The final episode poses a questiom: 'As Queers enter the mainstream, we ask, do we even want to?.'

Zoë Coombs Marr tonight presents her final episode of Queerstralia on ABC.

It’s the Bicentenary. Expo 88. Australia’s stepping onto the world stage, and Hawkey calling your boss a bum. As the 20th century closes Australia presents itself as strong, prosperous, confident, egalitarian and reconciled. But not everyone is welcome in the picture.

This episode looks at how Queer people jostled for space and representation, eventually finding our own place within society. It documents the ways that communities coalesced during the AIDS era, coming together to support each other. It covers the various experiences and challenges of multicultural Queerdom and includes histories of Coming Out and Same Sex Marriage, charting the evolution of acceptance. It spends up big with the Pink Dollar, floats through four and a half decades of the Mardi Gras, and takes the viewer on a journey through onscreen Queer representation in Australian film and television.
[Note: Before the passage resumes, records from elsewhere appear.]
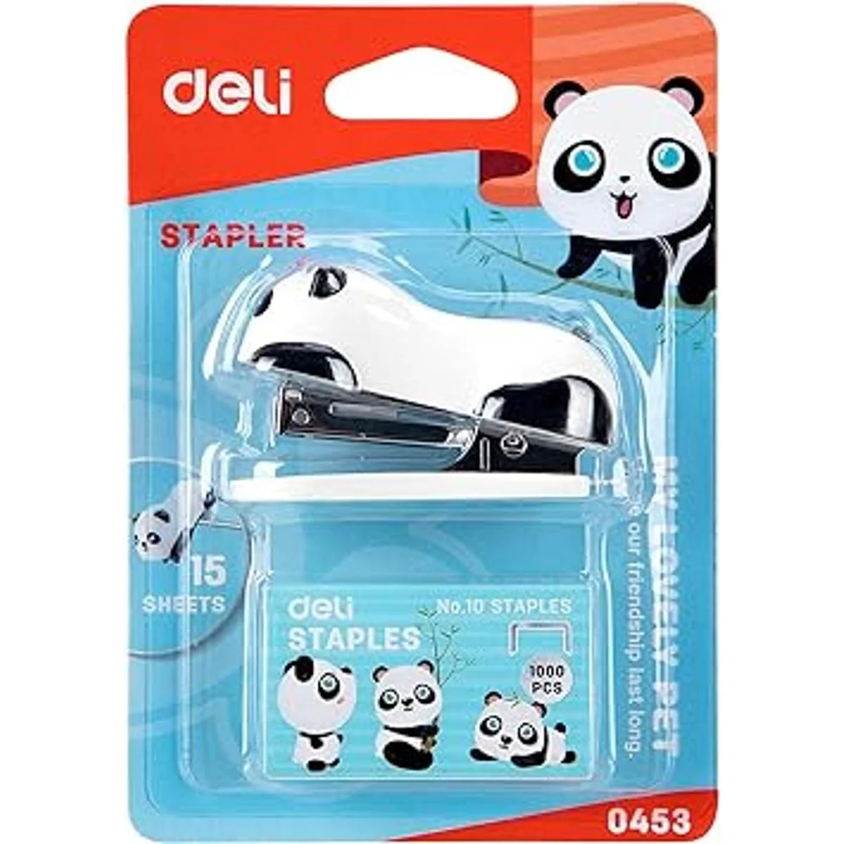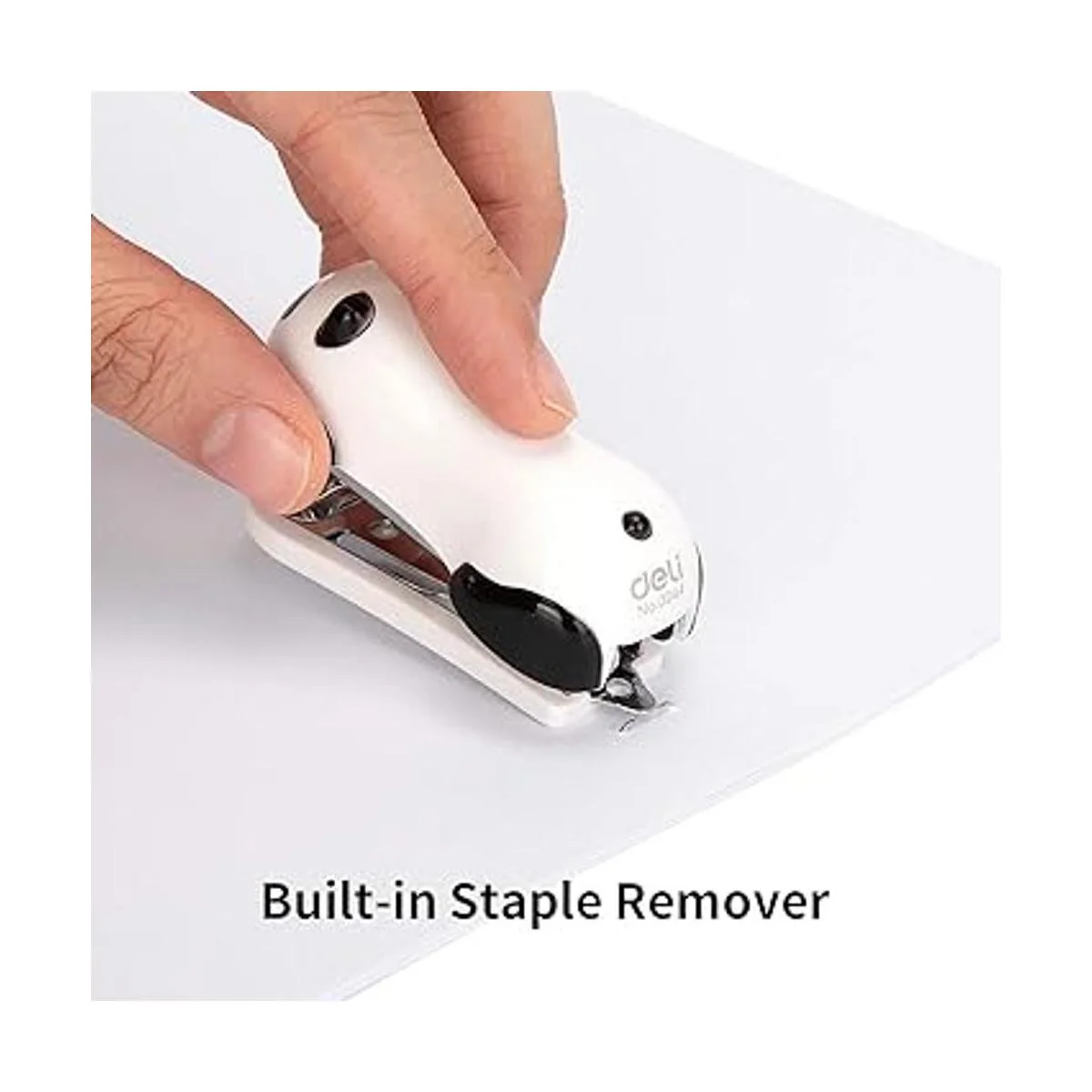 Deli Mini Lindo Panda Grapadora de escritorio, grapadora de oficina, capacidad de 12 hojas, incluye removedor de grapas incorporado y 1000 grapas No.10
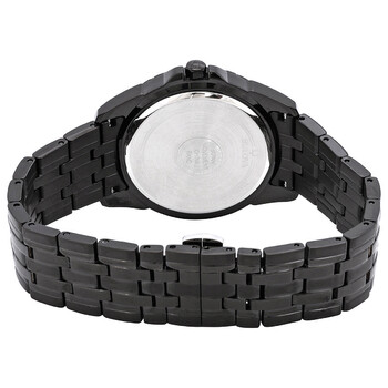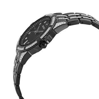 348Black PVD stainless steel set with crystals case. Black dial with silver-tone hands and crystal-index hour markers. Minute markers around the outer rim. Dial Type: Analog. Miyota Caliber 2036 quartz movement. Scratch resistant mineral crystal. Solid case back. Round case shape, case size: 42 mm, case thickness: 10.5 mm. Deployment with push button release clasp. Water resistant at 50 meters / 165 feet. Functions: hour, minute, second. Dress watch style. Watch label: Japan Movt. Bulova Quartz Crystal Black Dial Men's Watch 98K109.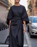 Glanzende Jurk Met Ronde Hals En Vleermuismouwen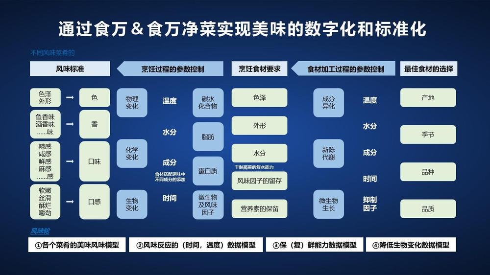 “食万模式”正是对决策层规划的积极实践。具体来看,风味标准环节要根据色、香、口味、口感确定菜肴美味风味模型;烹饪过程中根据美味要素、温度、水分、时间等参数建立风味反应数据模型;烹饪食材要求涉及色泽、外形、水分、风味因子及营养素留存等的保(复)鲜能力数据模型;在食材加工环节对温度、水分、成分、时间、微生物抑制因子进行参数控制,建立降低生物变化的数据模型;最后延伸到优质食材的选择,则要充分考虑产地、季节、品种、品质的影响。

As Queers enter the mainstream, we ask, do we even want to? We talk separatism, communes, and take a trip to Faerieland to visit the Radical Faeries. We squeeze in 21st century issues around Safe Schools, trans kids and the rise of the Queer family. We finish by considering what it is to be Queer in 2023. Where do we fit in, and should we? And if Queers assimilate fully into the broader community, will we still be Queer?

8:30pm Tuesday on ABC.

One Response

  1. Applause to the ABC, Zoe Coombs Marr and each and every participant for doing this gem of a show. It’s been informative, funny, sad and entertaining and I’ve love it. I was taught from a very young age to accept people for who they are not what they are regardless of race, gender, religion or colour and I’ve made sure throughout my life I have honoured my parents wishes to accept people for just being themselves. My parents often quoted “Be yourself everyone else is already taken” (identity and appearance) by Oscar Wilde. Oh how…. True!